I need to get the following scripts running.
// File: script_a.php
<?php exit(1); ?>
// File: script_b.php
<?php
system('php script_a.php', $return);
var_dump($return);
?>
Now my problem: On my windows system running script_b.php shows int(1) as expected. On our Unix-Server I always get int(0), what makes it impossible for me to check, if a certain failure happens inside the script_a.php.
Does anybody knows this problem and how to solve it?
You might want to check if it's calling the right php executable on th Unix machine. On many UNIX systems you would need to call the php-cli executable insted of the php one for use on the command line.
Another thing to check would be permissions. Maybe the user executing the script_b.php script doesn't have permissions to execute script_a?
__halt_compiler() is called somewhere , able to check that ?
Try making the PHP system call with the absolute path of both the PHP executable and the script filename, e.g.: system('/usr/bin/php /path/to/script_a.php', $return);. Maybe it's a path issue. (You may find the absolute path of your PHP executable with: which php).
Also, as someone suggested, try debugging the actual return value of script_a.php on your UNIX server by running php script_a.php; echo $? on the command line. That echo will output the last return value, i.e., the value returned by script_a.php.
Anyway, I suggest doing an include with a return statement as described in Example #5 of the include() documentation. If you can adapt your scripts like this, it's a more efficient way of communicating them.
// File: script_a.php
<?php return 1; ?>
// File: script_b.php
<?php
$return = (include 'script_a.php');
var_dump($return);
?>
Have you checked if safe_mode is enabled on unix server?
PHP Note:
Note: When safe mode is enabled, you
can only execute files within the
safe_mode_exec_dir. For practical
reasons, it is currently not allowed
to have .. components in the path to
the executable.
Or maybe the system function is forbidden to be executed?
I can't reproduce it either (PHP 5.3.3, Ubuntu).
When I set the exit-value to something better grep-able, like "666", tracing the scripts returned also what is expected:
strace -f php5 script_b.php 2>&1 | grep EXITSTATUS
[pid 18574] <... wait4 resumed> [{WIFEXITED(s) && WEXITSTATUS(s) == 666}], 0, NULL) = 18575
waitpid(18574, [{WIFEXITED(s) && WEXITSTATUS(s) == 666}], 0) = 18574
The "-f" to strace let's it follow child processes as you use the system call. "2>&1" redirects stderr to stdout to let everything grep. You can also pipe it to "|less" to go through but the output is long and not very readable.

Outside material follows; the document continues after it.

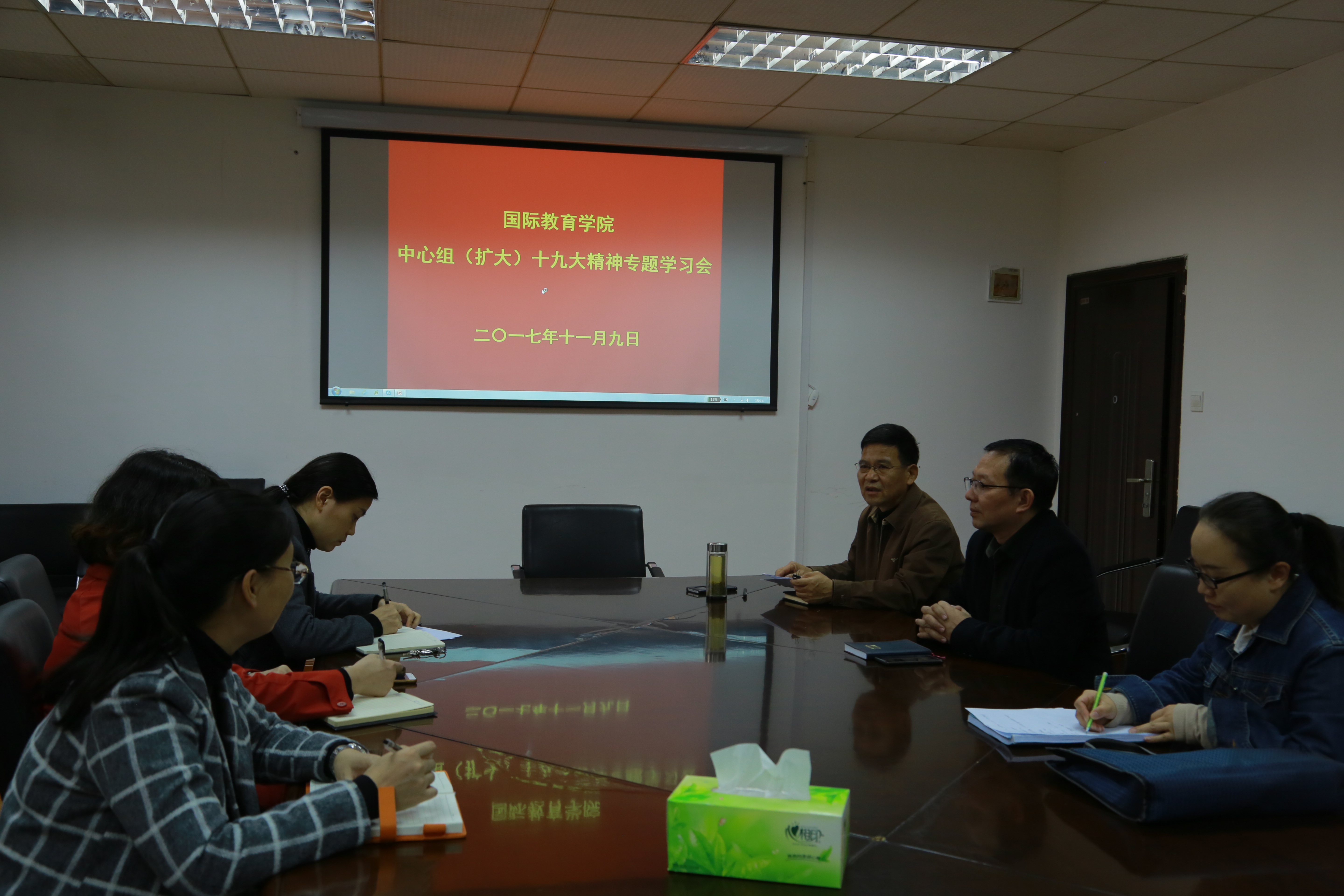 为深入推进党的十九大精神学习宣传贯彻工作,11月9日,国际教育学院在教二楼313会议室召开中心组(扩大)十九大精神专题学习会,学院党总支委员、各支部书记参加了学习会,学习会由党总支书记戚俊清主持。

I can't reproduce this on my system, Ubuntu Hardy. Here's a sample:
/tmp$ mkdir /tmp/sbuzz
/tmp$ cd /tmp/sbuzz
/tmp/sbuzz$ echo '<?php exit(1); ?>' >script_a.php
/tmp/sbuzz$ cat >script_b.php
<?php
system('php script_a.php', $return);
var_dump($return);
?>
/tmp/sbuzz$ php script_b.php
int(1)
/tmp/sbuzz$ echo '<?php exit(2); ?>' >script_a.php
/tmp/sbuzz$ php script_b.php
int(2)
/tmp/sbuzz$
Exit code 0 means successful execution of the program, so it kind of sounds like you are perhaps running the wrong script_a.php or perhaps the "php" executable isn't doing what you are expecting? Perhaps you have a script called "php" that is in your path before the interpreter? What does "which php" report? On my system it says "/usr/bin/php".
If PHP can't find the script, it would exit with 1, for example:
/tmp/sbuzz$ cat script_b.php
<?php
system('php doesnt_exist_script_a.php', $return);
var_dump($return);
?>
/tmp/sbuzz$ php script_b.php
Could not open input file: doesnt_exist_script_a.php
int(1)
/tmp/sbuzz$
In this case I changed the script_b.php to try to run a script that doesn't exist, and I get the exit code 1 (it should be 2 if it completed successfully, because I changed the script_a above), but it also shows the error that it couldn't run the program.
You might want to try changing it to specifically run the full path to the PHP executable:
system('/usr/bin/php script_a.php')
or also the full path to the script as well:
system('/usr/bin/php /tmp/sbuzz/script_a.php')
You could also try specifically executing a program that will return 1, just as another data-point, such as:
system('false')
system('bash -c "exit 69"')
You might want to try an exit code other than 1, which is a common failure. That's why I did "exit 69" above. "false" will exit with 1.
Also, of course, try running the script_a.php directly:
/tmp/sbuzz$ php script_a.php
/tmp/sbuzz$ echo $?
2
/tmp/sbuzz$
The "$?" is the exit code of the last run command, at the shell prompt.
Try:
<?php
die(1);
?>
If that fails as well, check out the stdout of:
strace php script_a.php
Not sure if these problems are related, but you may take a look on exec always returns -1 (or 127) as i had a similar problem in the past... even if i didn't acually solved it.
In your case, it might be another problem, not sure how it would be reproduceable, but i've seen caeses where the return string for an unknown command would be the return string from bash (bash: command not found). On most servers i dont anything though. You may try and check the shell setup for the current user(i assume it would be www-data)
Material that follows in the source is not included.